Eher aus einer “Zwangslage” heraus unternahm ich diese Reise Ostern 1993. Eine sehr angenehme Zwangslage, handelte es sich um Urlaubstage aus dem Vorjahr, die genommen werden mussten.
Marokko ist ein Land, das ohne akribische Vorbereitungen einfach und schnell zu bereisen ist. “Schnell” in der Bedeutung der Planung, nicht des Landes selbst. Viele Länder habe ich zwischenzeitlich gesehen. Marokko gehört aber sicher zu den landschaftlich attraktivsten und in Nordafrika zu den am angenehmsten zu bereisenden. Wegweiser sind in lateinischer Schrift, die Menschen sprechen Französisch, teilweise Englisch, all das vereinfacht das Reisen.

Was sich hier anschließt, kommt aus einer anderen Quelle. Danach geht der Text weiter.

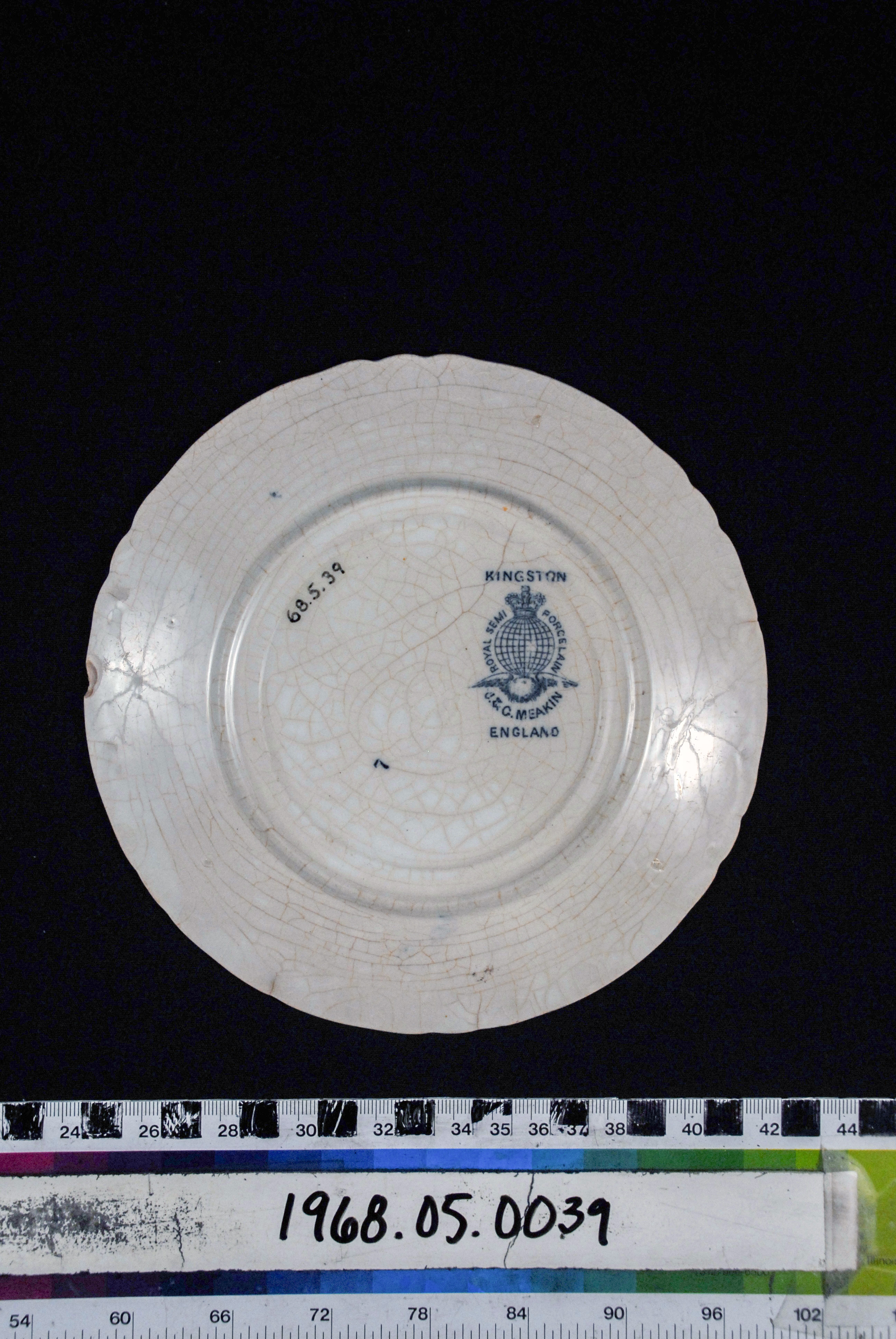 | Artist/Maker | Manufacturer's stamp on base: associated with a crown, globe, and eagle logo, “Kingston, England Royal Semi-Porcelain O.C.G.(?) Meakin“ |

Das Visier ist absolut dicht. Ich sehe nichts. Es schneit wie im tiefsten Winter dicke, weiße Flocken. Zu Hause wäre es jetzt sicher gemütlich. Was mache aber ich, fahre hier in Österreich herum, auf dem Weg nach Marokko. Es ist der 17. April 1993. Zwei Wochen Resturlaub aus dem Vorjahr müssen genommen werden. Was bleibt also anderes übrig, als Nordafrika. Die Anfahrt über Italien, Frankreich und Spanien sollte in drei Tagen zu schaffen sein. Eine Woche für Marokko ist zwar nicht üppig aber noch im Rahmen.
Jetzt stehe ich aber hier in Reutte an der österreichischen Grenze und kann auf der Fernpassroute unmöglich weiter. Also zurück nach Garmisch und über die Brenner-Autobahn nach Italien. Ab dem Gardasee wird es endlich besser. Die Regenkombi wandert in die Gepäckrolle und nachmittags schlürfe ich bereits Espresso in der Sonne auf der Höhe von Turin. Diese und auch die kommende Nacht suche ich mir einen Platz zum wild Zelten. Alleine unterwegs, ohne den Geruchs-Check etwaiger Mitreisender denke ich mir, dass zwei Tage ohne duschen - zumal bei diesen noch moderaten Temperaturen - durchaus in Ordnung sind.
Alleine zu fahren stört mich nicht, nur einmal komme ich in eine blöde Situation, als mir gleich am Morgen nach der zweiten Übernachtung in der Früh beim losfahren die BMW in kaltem Zustand einfach abstirbt und ich mit der ganzen Fuhre umfalle wie ein Sack Reis. Es war einer dieser Wege, bei denen Autos links und rechts eine Spur gegraben haben und in der Mitte eine kleine Kuppe entstanden ist. Genau auf dieser passiert das Malheur. Die Beine baumeln im Freien und plumps. Fluchend fummle ich unter der Kiste liegend den Tankrucksack herunter, kann dann hervor kriechen und die Fuhre wieder aufstellen.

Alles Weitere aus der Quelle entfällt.